THE DATA ::
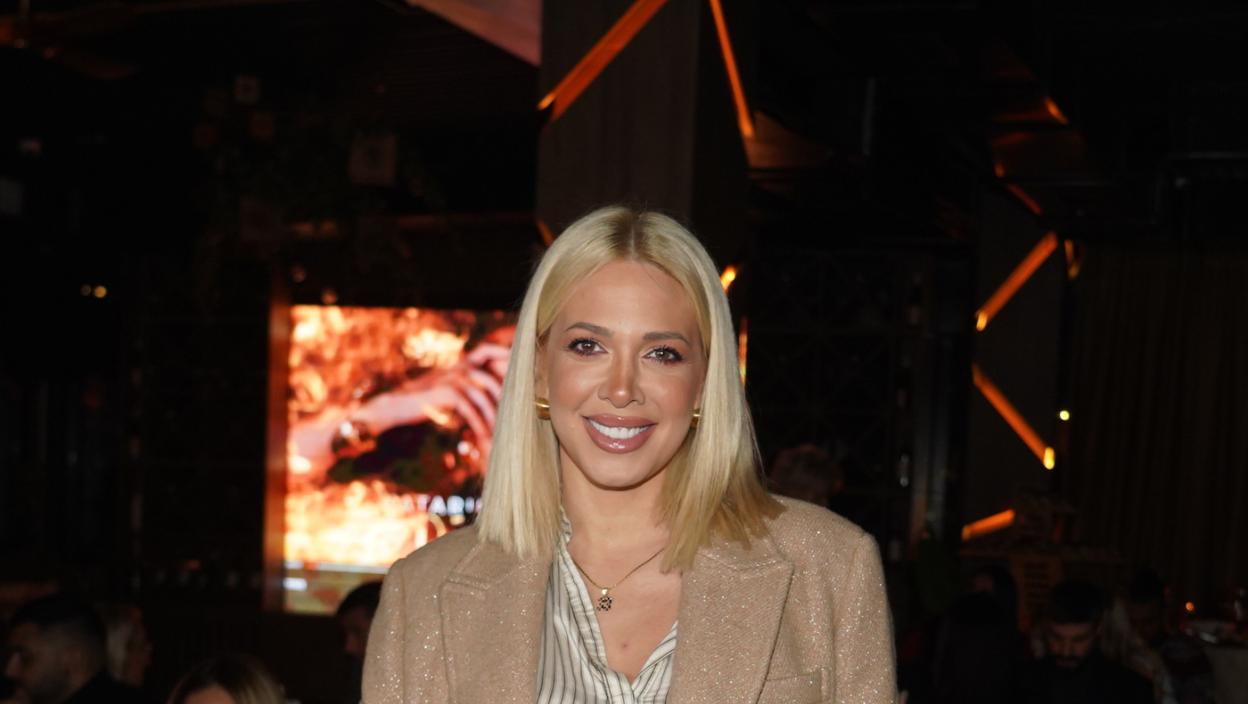 Milica je za ovu priliku odabrala komplet pantalona i sakoa u šljokicama, dok je ispod nosila usku crnu majicu koja je diskretno istakla njen trudnički stomak.
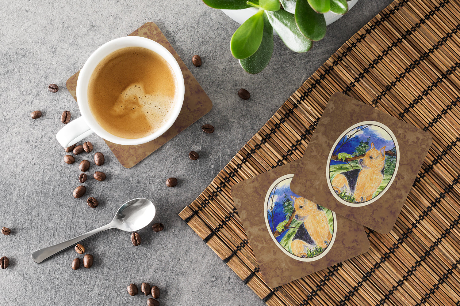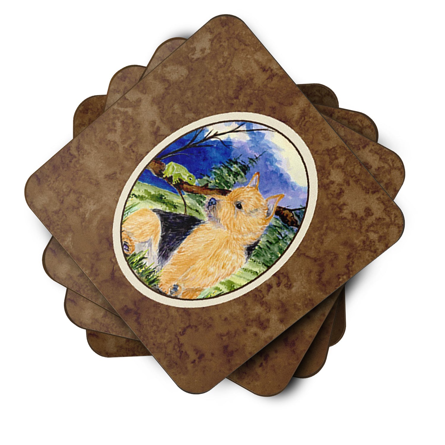 Decorate your space with our Norwich Terrier artwork on a Coaster set. Presenting our Set of 4 Foam Coasters, a stylish and practical addition to your table setting. Each square coaster, measuring 3 1/2 inches by 3 1/2 inches, is perfectly sized to accommodate various drinkware, from coffee mugs to tumblers. These coasters stand out with their full-color artwork, permanently dyed onto the material for a vibrant and fade-resistant finish. They're not just functional, they're a fashionable statement, adding a touch of flair to any gathering or event. Our foam coasters serve a dual purpose - they protect your table from water stains and are perfect for both hot and cold drinks. The material used is similar to that of our high-quality mouse pads, ensuring durability and heat resistance. These coasters are easy to maintain - simply wash them in the top of your dishwasher and lay flat to dry. The design won't come off, ensuring they retain their vivid colors for years. Pair them with one of our insulated coolers or huggers for a cohesive, thoughtful gift set. Enhance your beverage experience with our Set of 4 Foam Coasters.
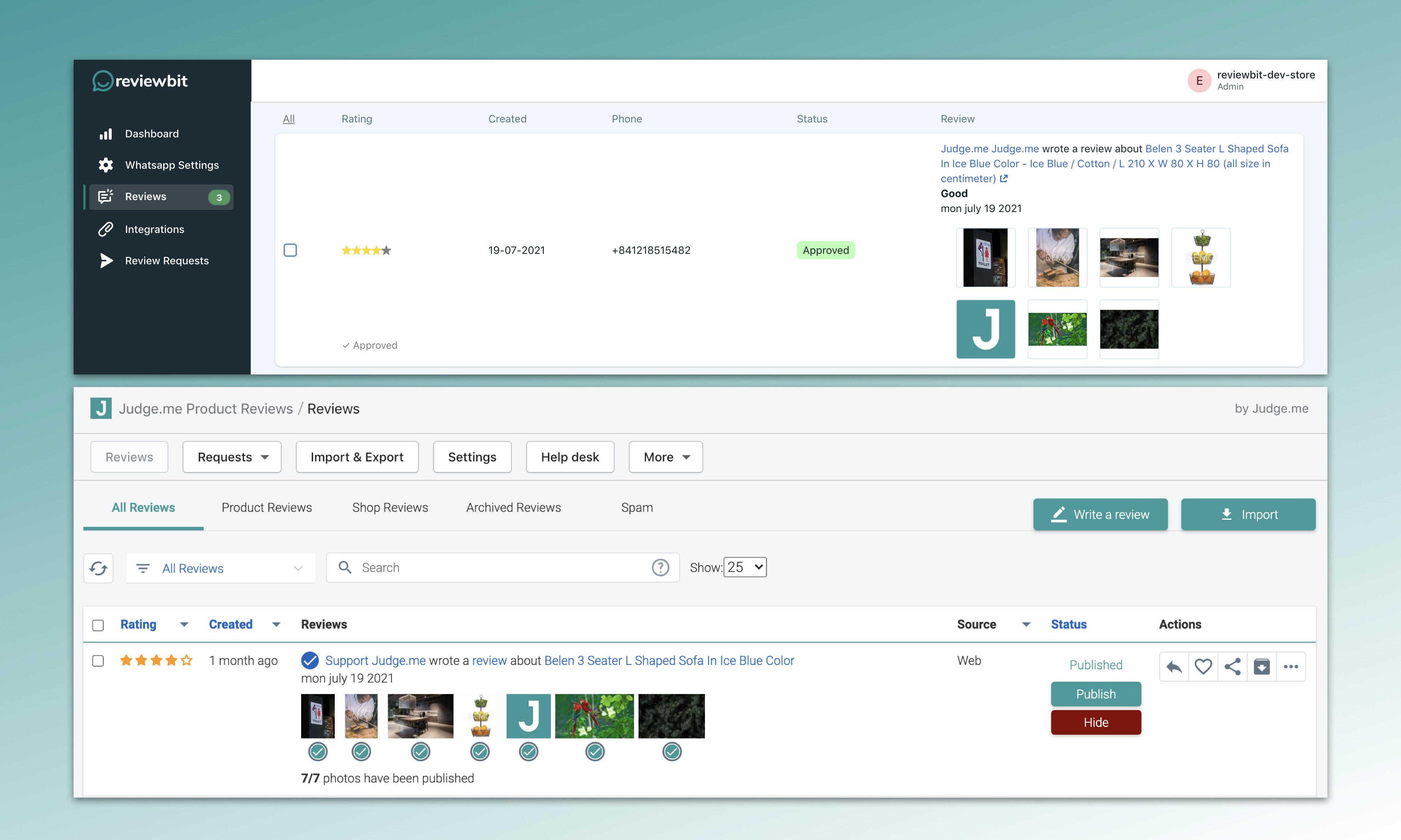 After you approve the reviews in Reviewbit, these reviews will be sent automatically to Judge.me.

TASK STATEMENT :: The output is the data above, repeated exactly, with pictures omitted.

EXERCISE RESULT ::
 Milica je za ovu priliku odabrala komplet pantalona i sakoa u šljokicama, dok je ispod nosila usku crnu majicu koja je diskretno istakla njen trudnički stomak.
 Decorate your space with our Norwich Terrier artwork on a Coaster set. Presenting our Set of 4 Foam Coasters, a stylish and practical addition to your table setting. Each square coaster, measuring 3 1/2 inches by 3 1/2 inches, is perfectly sized to accommodate various drinkware, from coffee mugs to tumblers. These coasters stand out with their full-color artwork, permanently dyed onto the material for a vibrant and fade-resistant finish. They're not just functional, they're a fashionable statement, adding a touch of flair to any gathering or event. Our foam coasters serve a dual purpose - they protect your table from water stains and are perfect for both hot and cold drinks. The material used is similar to that of our high-quality mouse pads, ensuring durability and heat resistance. These coasters are easy to maintain - simply wash them in the top of your dishwasher and lay flat to dry. The design won't come off, ensuring they retain their vivid colors for years. Pair them with one of our insulated coolers or huggers for a cohesive, thoughtful gift set. Enhance your beverage experience with our Set of 4 Foam Coasters.
 After you approve the reviews in Reviewbit, these reviews will be sent automatically to Judge.me.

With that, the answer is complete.